You should improve your syntax definition in order to get readable completion templates. Finally, you should specify few additional completion templates manually. This might involve larger code patterns or useful variants of the generated templates.

You can hide particular placeholders from completion templates with a hide option or change a placeholder label with a text="label" option. Read the SDF3 documentation on templates and placeholders for more information.

Folding Rules

When you build your editor and open a MiniJava file, you can see that the editor provides already some folding points. These points are syntax-dependent and are specified by folding rules in editor/MiniJava-Folding.generated.esv. All editor services follow the same basic structure: they have a derived file (MiniJava-Folding.generated.esv) and a custom definition file (MiniJava-Folding.esv). The first file is automatically generated from your syntax definition, each time the project is built. You can use the second file to customize the editor.
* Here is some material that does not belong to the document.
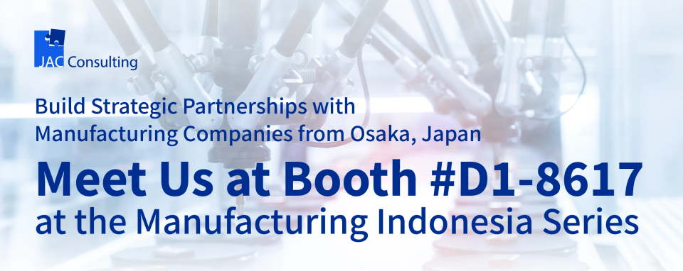 JAC Consulting, in collaboration with Japan Osaka and the Osaka Business Development Agency (OBDA), brings together seven manufacturers from Osaka at Manufacturing Indonesia Series.

Folding rules indicate which syntactic constructs can be folded, and take one of the following forms:

<Sort>.<Constructor>
<Sort>._
_.<Constructor>

The (folded) annotation can be used for constructs that should be folded automatically:

_.Imports (folded)

Spoofax uses heuristics to automatically derive folding rules, based on the logical nesting structure in the syntax of the language. Currently, it derives folding rules from productions rules with a lexical identifier and child elements. While not perfect, the heuristics provide a good starting point for a new folding definition. Any undesired definitions in the generated file can be disabled by using the (disabled) annotation in a custom rule:

Definition._ (disabled)

You should now specify additional custom folding rules. It is important, to include only those structures, where folding is reasonable.